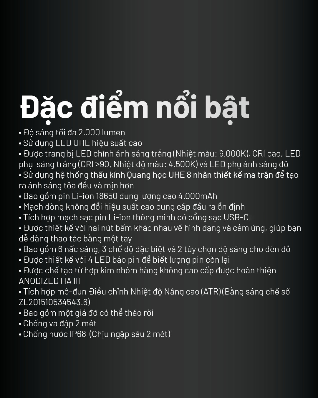 - Độ sáng lên tới 2.000 lumen và 222m
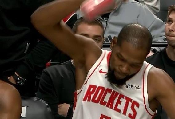 杜兰特被气到砸水瓶!罕见暴怒的背后是火箭跌出争冠行列!
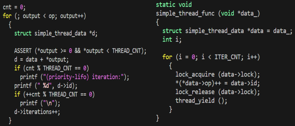 priority-lifo.c 코드 및 priority-lifo 테스트 결과 분석
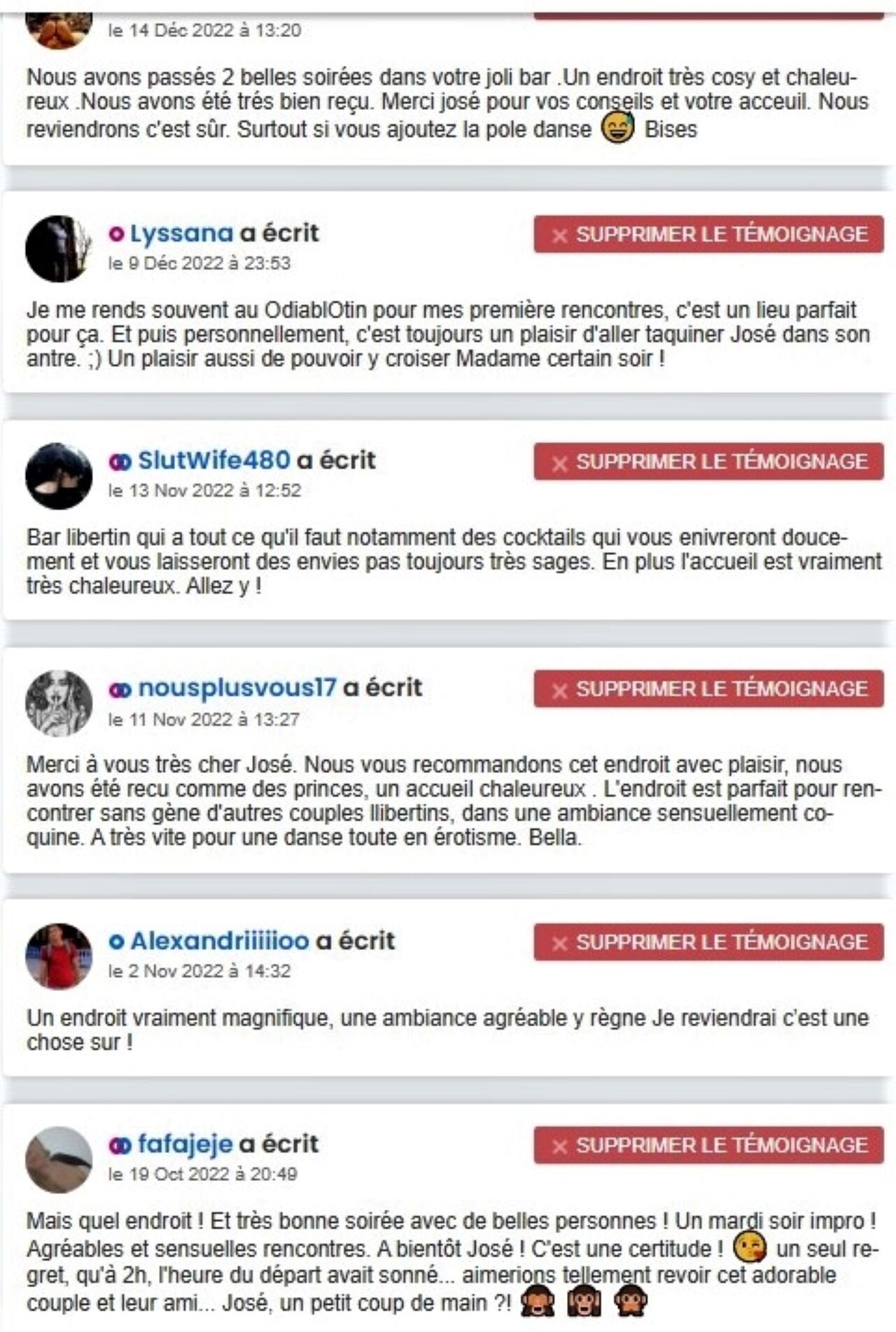 Que cela soit votre première fois ou que vous soyez un habitué, O’diablOtin vous vous sentirez chez vous, protégé et choyé, vous pourrez succomber au confort de son salon coquin, à la convivialité de son bar à cocktails, jouir de l’intimité et vous abandonner à vos fantasmes ludiques.
------------------------------------------------------------------------
### What you are asked to do:
Repeat the data word for word. Images are not part of the copy.

### Answer box:
 - Độ sáng lên tới 2.000 lumen và 222m
 杜兰特被气到砸水瓶!罕见暴怒的背后是火箭跌出争冠行列!
 priority-lifo.c 코드 및 priority-lifo 테스트 결과 분석
 Que cela soit votre première fois ou que vous soyez un habitué, O’diablOtin vous vous sentirez chez vous, protégé et choyé, vous pourrez succomber au confort de son salon coquin, à la convivialité de son bar à cocktails, jouir de l’intimité et vous abandonner à vos fantasmes ludiques.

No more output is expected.